Task instructions: Within the listing that follows, reproduce exactly the lines starting at the line with "Human mobile devices" and ending at the line with "Description: The accurate", inclusive, and only those. Pictures are dropped.

Exercise inputs:
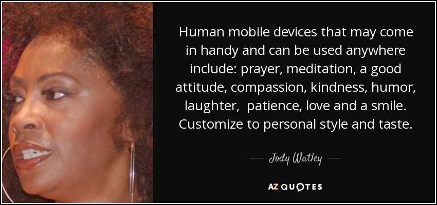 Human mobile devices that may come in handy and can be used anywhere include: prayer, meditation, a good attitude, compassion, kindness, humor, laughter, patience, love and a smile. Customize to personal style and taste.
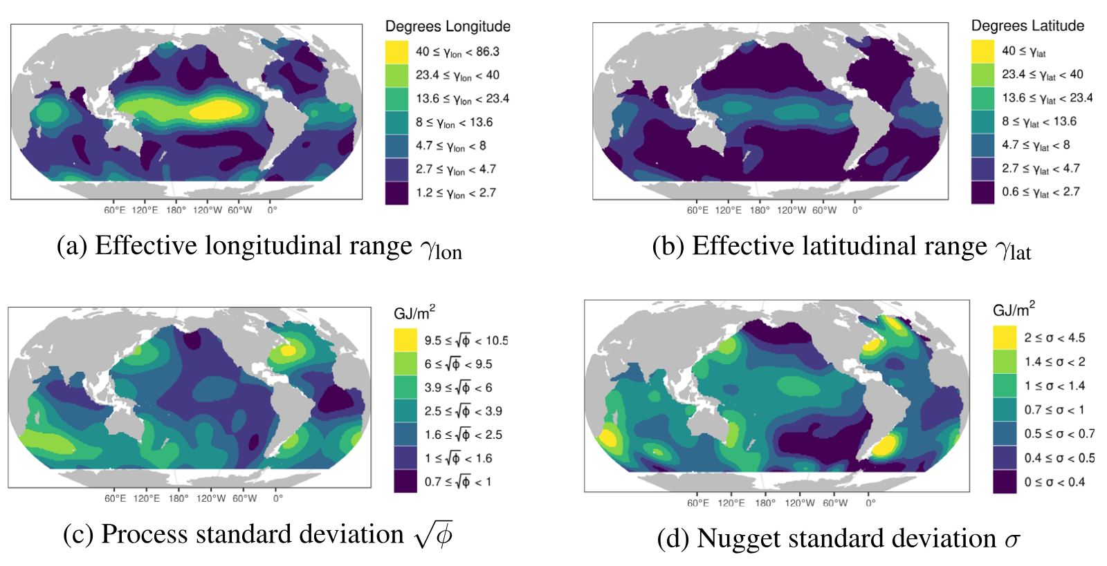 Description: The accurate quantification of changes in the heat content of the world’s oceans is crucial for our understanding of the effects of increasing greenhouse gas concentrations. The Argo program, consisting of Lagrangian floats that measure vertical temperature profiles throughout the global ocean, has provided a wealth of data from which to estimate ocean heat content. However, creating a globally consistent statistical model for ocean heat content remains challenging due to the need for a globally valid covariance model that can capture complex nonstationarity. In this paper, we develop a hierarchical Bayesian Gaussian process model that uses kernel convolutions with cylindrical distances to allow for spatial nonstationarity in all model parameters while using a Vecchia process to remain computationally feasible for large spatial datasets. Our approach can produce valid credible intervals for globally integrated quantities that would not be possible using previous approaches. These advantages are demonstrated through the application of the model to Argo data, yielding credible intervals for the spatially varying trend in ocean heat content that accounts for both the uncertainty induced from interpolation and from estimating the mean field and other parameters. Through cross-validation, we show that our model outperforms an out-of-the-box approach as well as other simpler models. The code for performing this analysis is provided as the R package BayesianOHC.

...

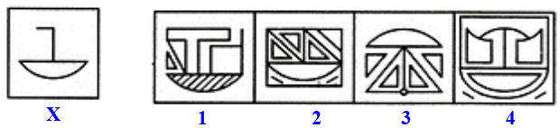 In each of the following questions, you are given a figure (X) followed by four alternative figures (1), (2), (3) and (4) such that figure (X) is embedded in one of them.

Exercise result:
 Human mobile devices that may come in handy and can be used anywhere include: prayer, meditation, a good attitude, compassion, kindness, humor, laughter, patience, love and a smile. Customize to personal style and taste.
 Description: The accurate quantification of changes in the heat content of the world’s oceans is crucial for our understanding of the effects of increasing greenhouse gas concentrations. The Argo program, consisting of Lagrangian floats that measure vertical temperature profiles throughout the global ocean, has provided a wealth of data from which to estimate ocean heat content. However, creating a globally consistent statistical model for ocean heat content remains challenging due to the need for a globally valid covariance model that can capture complex nonstationarity. In this paper, we develop a hierarchical Bayesian Gaussian process model that uses kernel convolutions with cylindrical distances to allow for spatial nonstationarity in all model parameters while using a Vecchia process to remain computationally feasible for large spatial datasets. Our approach can produce valid credible intervals for globally integrated quantities that would not be possible using previous approaches. These advantages are demonstrated through the application of the model to Argo data, yielding credible intervals for the spatially varying trend in ocean heat content that accounts for both the uncertainty induced from interpolation and from estimating the mean field and other parameters. Through cross-validation, we show that our model outperforms an out-of-the-box approach as well as other simpler models. The code for performing this analysis is provided as the R package BayesianOHC.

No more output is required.